Матрос шел впереди, неся маленький чемодан, плащ и трость моего спутника. До причала № 17 оставалось шагов двести, но я знала, как легко могут они превратиться в двести километров, двести дней или всю жизнь. Мне не было нужды сжимать его сухие горячие пальцы, – они оставались внутри меня как залог краткой удачи. Быстро наклонившись к моему лицу, он сказал: "Не странно ли, meine Fraulein, и я не избавлен от случайных перерывов в памяти. Не продлить ли нам наше совместное пребывание, хотя решительно не могу вспомнить, не предлагал ли я вам это еще в начале нашей прогулки?" – "Но не окажусь ли я помехой публичному чтению Малого Трактата о Черной Магии?" – "О, нисколько.
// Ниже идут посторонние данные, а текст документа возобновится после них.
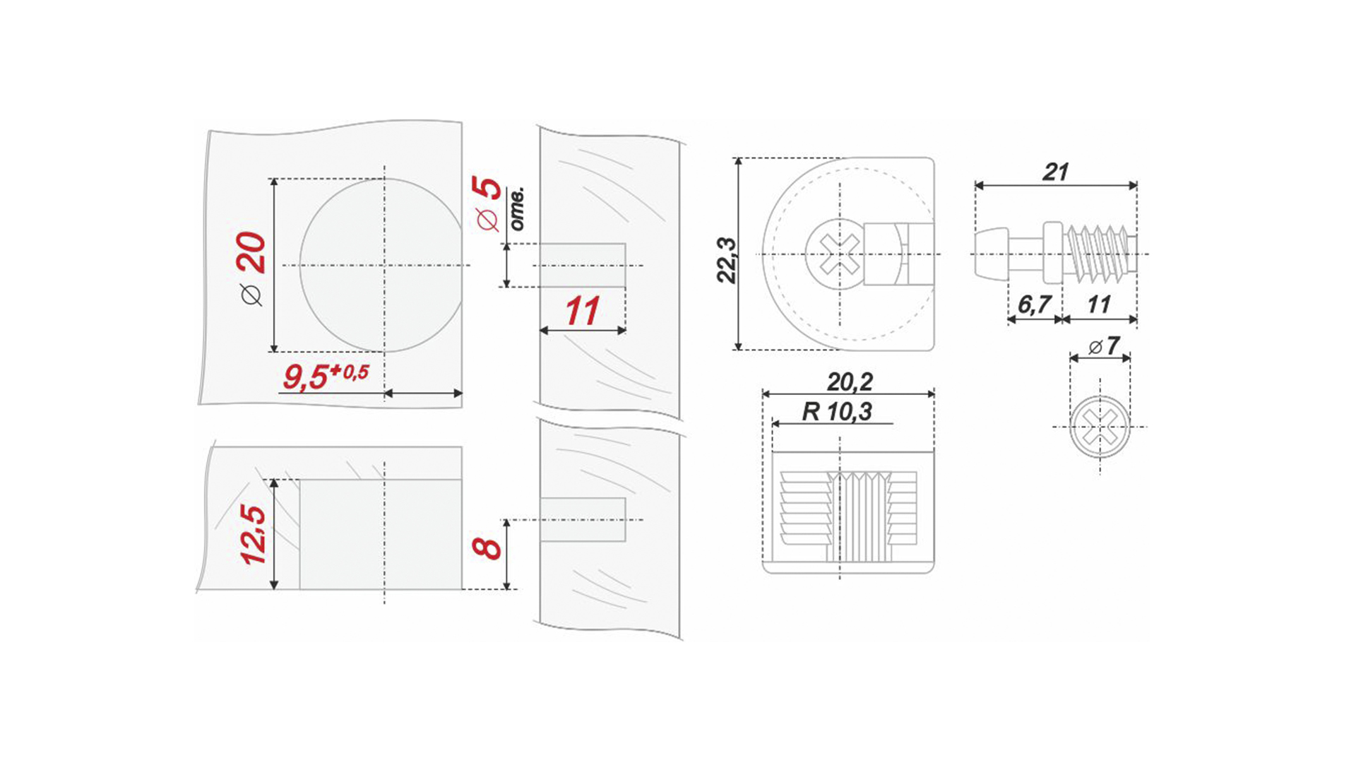 ST01/49 — эксцентриковая стяжка-полкодержатель в пластиковом корпусе. Стяжка состоит из эксцентрика диаметром 20 мм, высотой 12 мм и дюбеля с евро-резьбой. Стяжка предназначена для фиксации деталей мебели толщиной от 16 мм до 22 мм. Особенностью модели является упрощенная сборка: вместо двух отверстий в полке достаточно просверлить одно – для пластиковой основы. Кроме того, стяжка обладает более эстетичным внешним видом, нежели металлические аналоги. Эксцентриковая стяжка ST01/49/3 обеспечивает высокое качество сборки мебели, ее прочность и долговечность.

Трактат, как вы могли бы заметить, я выбросил в иллюминатор вашей каюты, а что может помешать свободной импровизации дилетанта?"
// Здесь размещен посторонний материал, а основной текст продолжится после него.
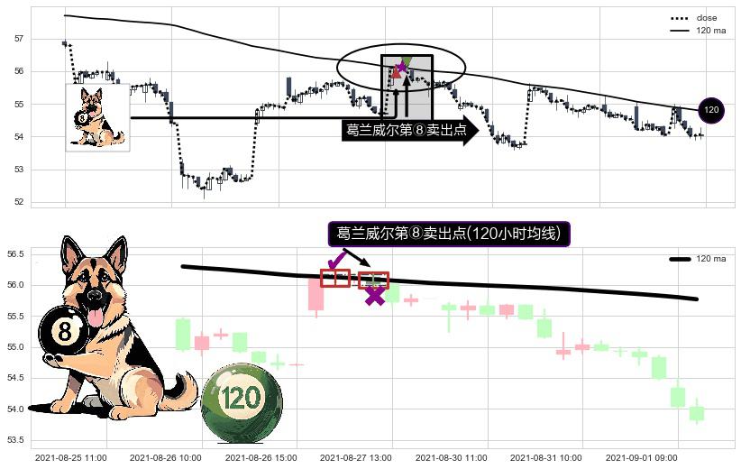 形态多维评估: ⚀ 2021-08-27 12:00:00-小时显现 葛兰威尔均线 120小时均线 第⑧卖出点 下降趋势的中继信号,后市看跌,卖出信号

На нем не было темных очков, и на меня глядели две глухие красные пробоины с налипшими белесоватыми волосками. Пытаясь подняться с белой дорожки линии причалов, со ртом, набитым песком, я слышала удаляющиеся шаги и шум утреннего прибоя.
Февраль, 1993
В другой компании
Памяти Никиты Михайловского
Это – не сон, хотя сродни сну по существеннейшей особенности последнего – внутренней окончательности. Того, что с тобой происходит и самого тебя, окончательности, не предусмотренной в бодрствовании. В одном моем недавнем сне я был влюблен в одну незнакомую мне даму, которая настояла на том, чтобы я написал ей любовное письмо в ее присутствии. Мне было нелегко это сделать – во сне трудно пишется. Я написал, что наша любовь – в разделенности, которая подтверждается и ее желанием видеть, как я пишу это письмо. "My Darling Darling, выводил я неуклюжие строки, я умираю от любви к тебе. Я люблю твою любовь ко мне, отделенную от остальной твоей жизни и от моей любви к тебе твоим и моим прошлым, но моя любовь совсем другая. Я могу быть только одним". Может быть, окончательность сюжета этого сна перешла в этот рассказ вместе с мечтой об окончательности того, что есть жизнь и ты сам, об их неразделенности.
История, о которой будет идти речь, знает несколько различных версий, каждая из которых прекрасно подтверждается фактами, но тем хуже для фактов, ибо это – моя история. Я – ее драматург, режиссер, один из ее актеров и даже (что немаловажно!) суфлер. Более того, я же и ее единственный зритель. Последнее утверждение может вызвать серьезные возражения, как, впрочем, и подобное утверждение относительно любого виденного мною сна. В самом деле, почему бы не допустить, что мой сон может быть увиден и кем-то другим, быть и его сном? Да, но если это так, то будет ли это тот же сон? Однако, повторяю, это – не сон.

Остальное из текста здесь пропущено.